Le harcèlement dans les transports, dernier souci du Sénat ? Le jeudi 28 janvier, les parlementaires de la Haute Assemblée ont, certes, adopté la proposition de loi relative à la sécurité dans les transports publics. Problème : l’article 14 de ce texte, qui prévoyait précisément des mesures de prévention et de lutte contre les "harcèlements et les violences à caractère sexiste" – telles que la formation des agents de transports à la détection du harcèlement – a tout simplement disparu, avant même d’être débattu en séance.

"Le harcèlement n'est pas vu comme une délinquance"
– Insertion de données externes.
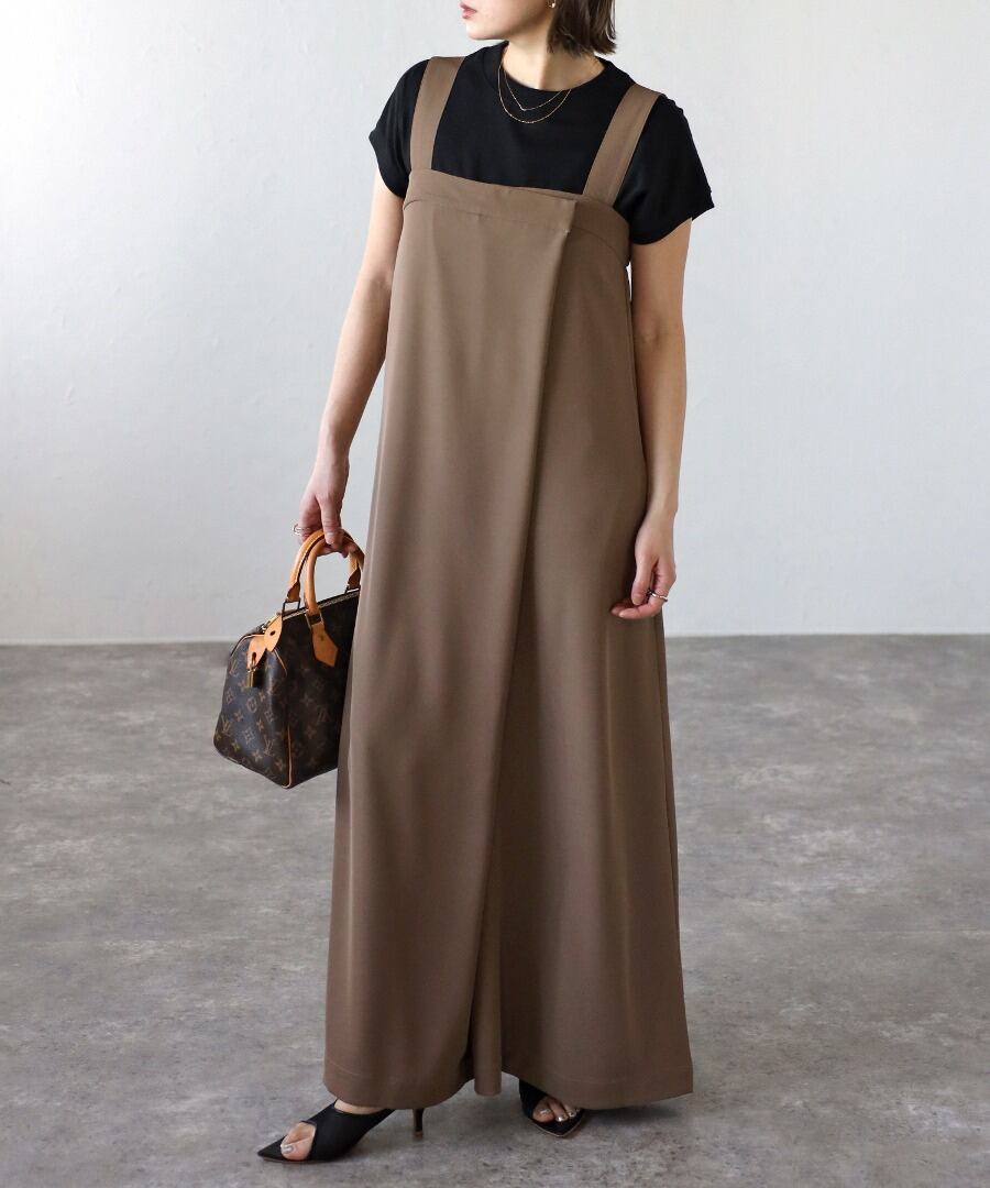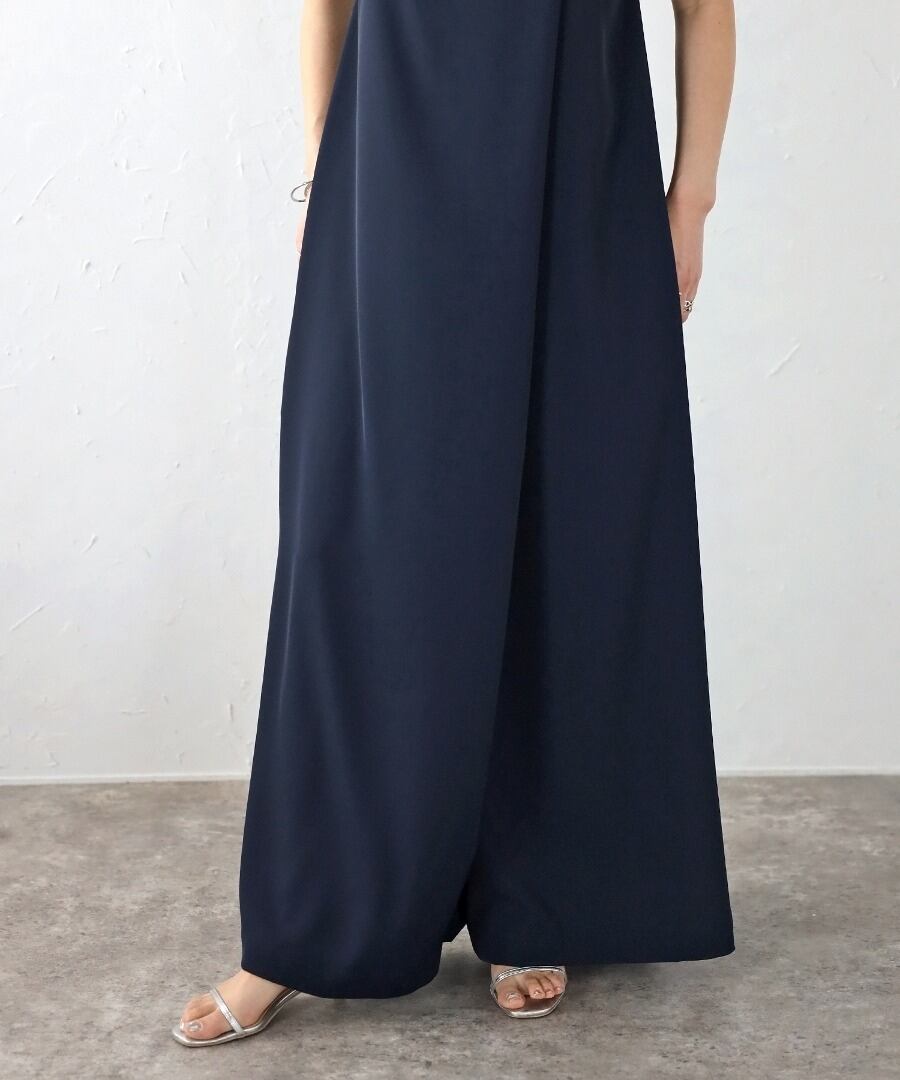 アシンメトリーデザインが上品でリュクスな印象に。大人女子のオールインワン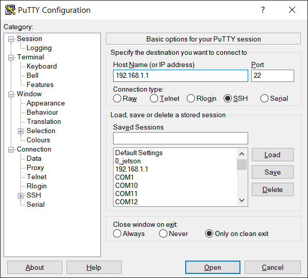 192.168.1.1 포트 22입니다.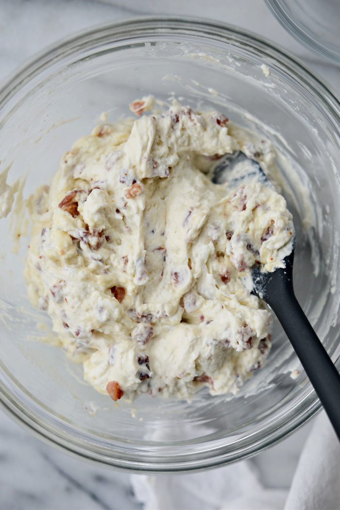 - In a medium mixing bowl, add whipped cream cheese, finely chopped bacon and maple syrup. Stir to combine.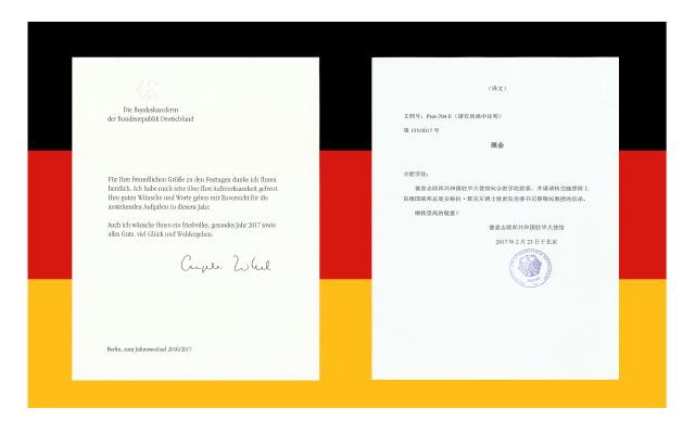 這是學校第3次收到默克爾總理親筆信。此外,學校還收到時任德國總統(tǒng)伍爾夫先生2次親筆信。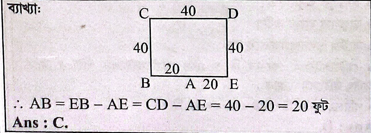 একজন লোক A অবস্থান থেকে হেটে ডানদিকে ২০ ফুট অতঃপর বামদিকে ৪০ ফুট ,তারপর বামদিকে ৪০ ফুট এবং সর্বশেষ বামদিকে ৪০ ফুট গিয়ে B অবস্থান পৌছালো। A ও B এর মধ্যকার দূরত্ব কত ফুট ?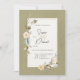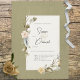 Este lindo design delicado é elegante, porém simples. Caracteriza-se por uma delicada moldura dupla com flores boho secas em tons suaves de rosa pêssego, creme, bege e verde com uma moldura verde sage desgastada em volta. O fundo é um verde sage desgastado complementar. Este design faz parte da coleção Dried Boho Floral Frame Green Wedding Suite criada pela Simply Farmhouse Press.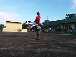 At the start of the game, one player is designated taya (it), or in this game the bakang lala (cow). The players should avoid touching or falling over the baka player while jumping over. The baka player should start with a kneeling-down position (a baka player bends over with their hands placed on his knees). All players are to jump over the baka until all the players have jumped.[3] Once the first set of jumping over the baka is done, the baka player will slowly rise up after jumping over the baka player. Only the hands of the jumper may touch the back of the person who is bent over. If a player fails to avoid contact or fall over the baka, they will replace the baka player with a kneeling position (step 3), and the game continues until the all players decide to end the game.[4][5]

La raison ? Un souci de clarté, selon le co-rapporteur de la loi François Bonhomme, (Les Républicains) qui a procédé aux changements du texte dans le cadre de la commission des lois. Interrogé par metronews, il explique : "Dans les textes législatifs, il faut éviter les redites. Les missions que proposait l’article en question font déjà partie des obligations des exploitants des transports publics." Et le sénateur du Tarn-et-Garonne de poursuivre : "Par ailleurs, ce texte qui relevait du pouvoir réglementaire (et dépend d’un décret ou d’un arrêté, ndlr) aurait compliqué la loi."
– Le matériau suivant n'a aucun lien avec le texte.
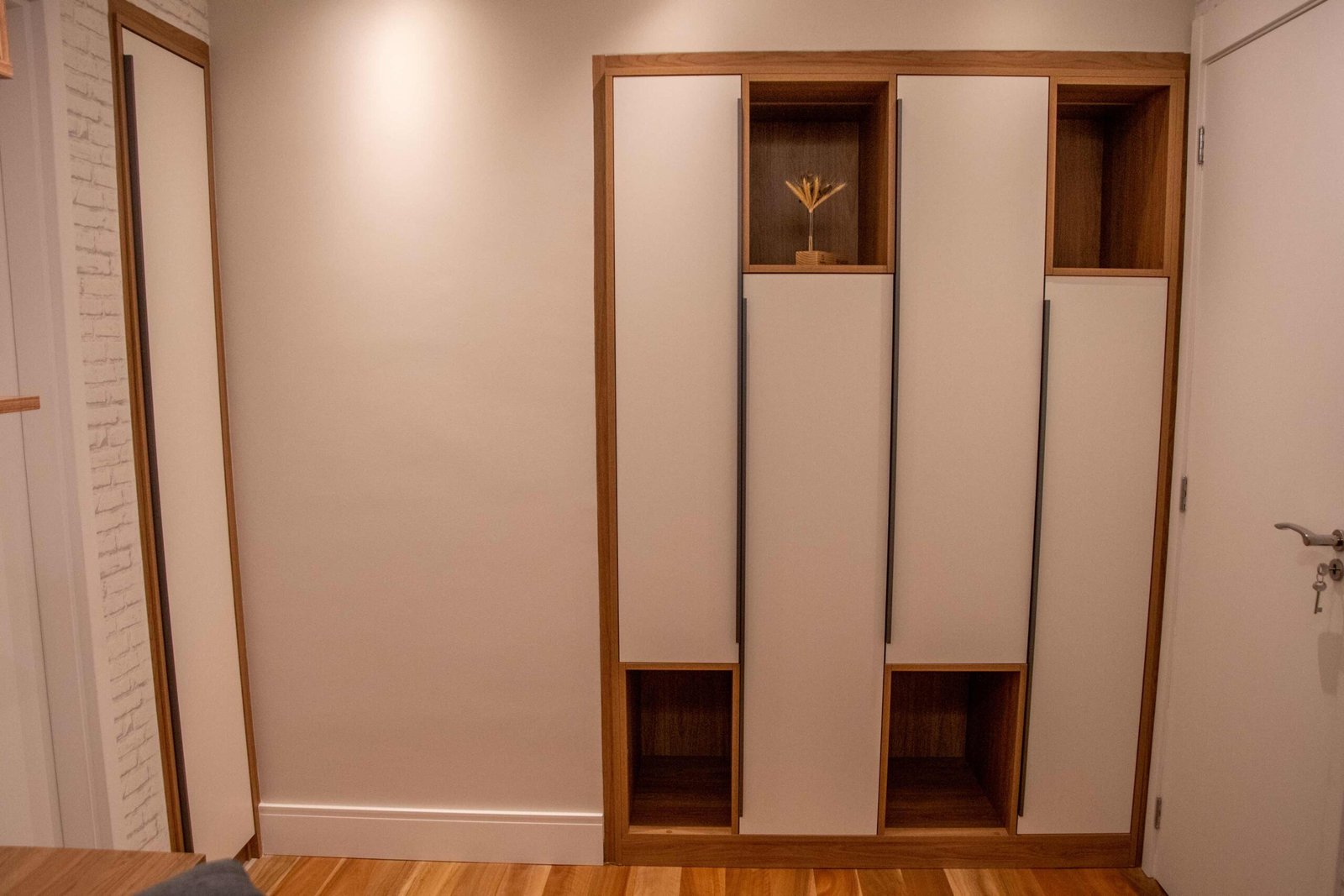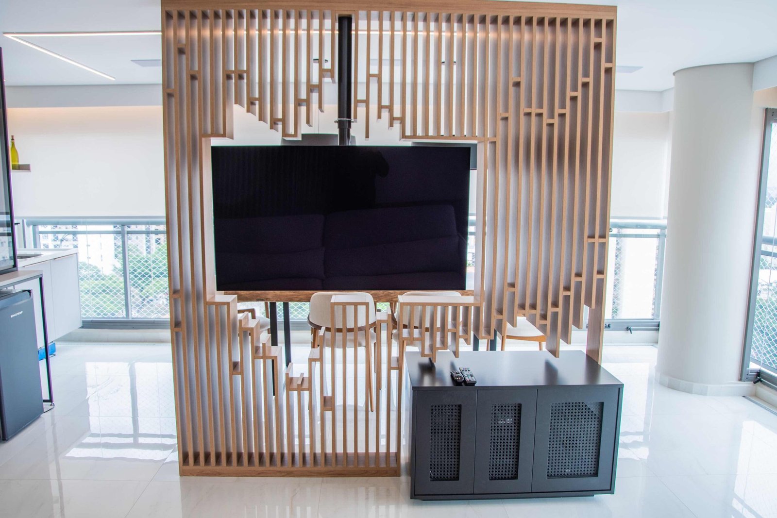 A escolha de materiais e cores foi pensada para transmitir leveza e sofisticação, com uma paleta de tons neutros que se harmonizam com elementos naturais, como madeira e detalhes orgânicos, criando uma sensação de conforto e equilíbrio. O projeto aposta em linhas modernas e soluções criativas para unir estética e praticidade, promovendo um espaço funcional sem abrir mão do estilo.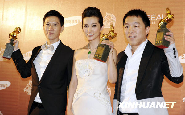 11月28日,金馬獎最佳女主角獎獲得者李冰冰(中)和金馬獎最佳男主角獎獲得者張家輝(左)、黃渤合影。當日,第46屆臺灣電影金馬獎頒獎典禮在臺北舉行。新華社發(吳景騰 攝)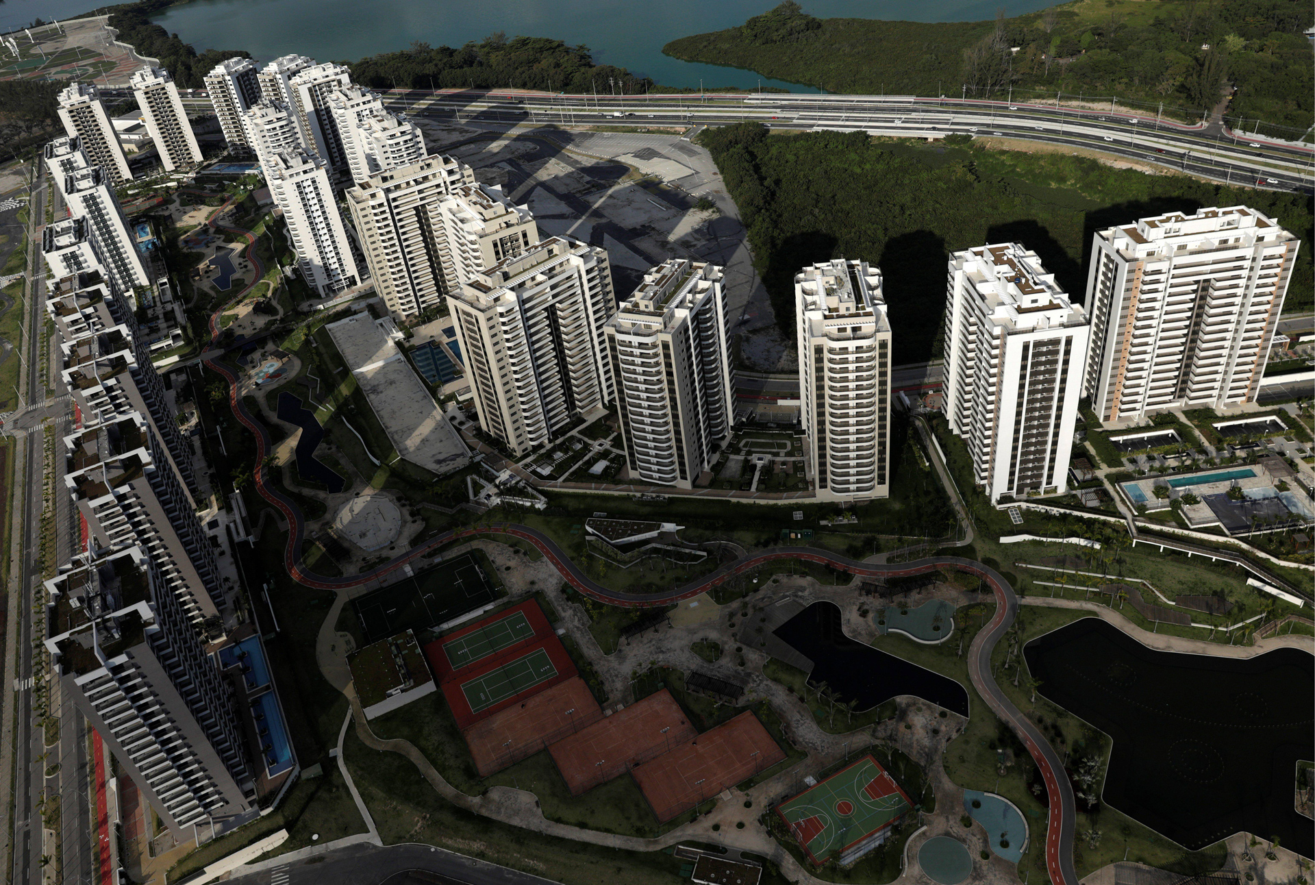 Una vista aérea de la villa olímpica, lugar de residencia de los deportistas durante el evento. Hoy es un barrio sin vida.

"Une excuse politique", selon Marie Le Vern, députée socialiste de Seine-Maritime à l’origine du fameux article 14. "La droite du Sénat a balayé ce texte d’un revers de main, en utilisant un argument juridico-technique. Pour les députés de l’Assemblée nationale, qui ont adopté le texte, ces propositions n’ont pas semblé redondantes…", constate-t-elle auprès de metronews, avant de poursuivre : "Aujourd’hui, le harcèlement dans les transports est dans une zone grise. Personne n’a les moyens de sanctionner les sifflements, les commentaires ou les postures gênantes, car ce n’est pas considéré comme de la délinquance."

"Je ne lâcherai rien"

Et la députée, déterminée, de poursuivre : "En supprimant ce texte, les sénateurs contribuent à l’invisibilité de tels actes. Quand un fait de harcèlement se produit, ce sont les réactions qui manquent. Et je pense que c’est aussi par la loi qu’on peut changer les mentalités et pousser les témoins à réagir."

Mais, pour l’article 14, la messe n’est pas encore dite. Mercredi 10 janvier se tiendra une commission mixte paritaire – une procédure qui intervient quand le Sénat et l’Assemblée nationale ne tombent pas d’accord – dans le but d’élaborer une version finale de cette proposition de loi. Marie Le Vern se dit prête à amender son texte pour "éviter les redondances" si remarquées par la droite sénatoriale. "Mais sur le fond, je ne lâcherai rien", promet-elle.